Here is the session object

    {
        "org_id": "adi",
        "allowance": 100,
        "rate": 100,
        "per": 5,
        "expires": 0,
        "quota_max": 100,
        "quota_renewal_rate": 60,
        "access_rights": {
            "free": {
                "api_name": "Free API",
                "api_id": "free",
                "limit": {
                    "rate": 0,
                    "per": 0
                }
            },
            "subscriber": {
                "api_name": "Subscriber API",
                "api_id": "subscriber",
                "limit": {
                    "rate": 5,
                    "per": 5
                }
            }
        }
    }

Expected Behavior:

If I access /subscriber/ more than 5 times in 5 seconds, I’ll get an error
If I access /free/ fewer than the remaining rate set in the key (100 per 5), I’ll be fine
If I access any API more than the rate set in the key (100 per 5), I’ll get an error

The Real Behavior:
Depending on which API I access first:

If I access /free/ first, then directly access /subscriber/ more than 5 times, I won’t get an error no matter how much I request
Wait for a certain time, then access /subscriber/ first until it hit the limit error.
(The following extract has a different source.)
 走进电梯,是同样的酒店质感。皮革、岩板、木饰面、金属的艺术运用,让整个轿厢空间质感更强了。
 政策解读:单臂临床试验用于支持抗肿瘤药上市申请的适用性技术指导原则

Now access /free/ endpoint more than 5 times, I’ll get an error.

Is this the expected behaviour??

Olu · August 19, 2021, 5:14pm

Could you let us know the version of the gateway you are running? We will confirm and get back to you

ghilman27 · August 20, 2021, 4:05am

I’m using tyk-gateway docker with tags v3.2.1

Olu · September 1, 2021, 5:46pm

Hi @ghilman27

The expected behavior:

A rate limit exceeded error would occur if you access /subscriber/ more than 5 times in 5 seconds
No limit whatsoever if you access /free/ more than (100 times per 5 secs)
Any other API apart from /free/ and /subscriber/ will be affected by a rate limit of 100 calls per 5 secs. However, no other APIs exist, so nothing happens.

Based on the real behavior you experienced, could you share the full key definition as well as comment on what type of authentication is being used for both APIs?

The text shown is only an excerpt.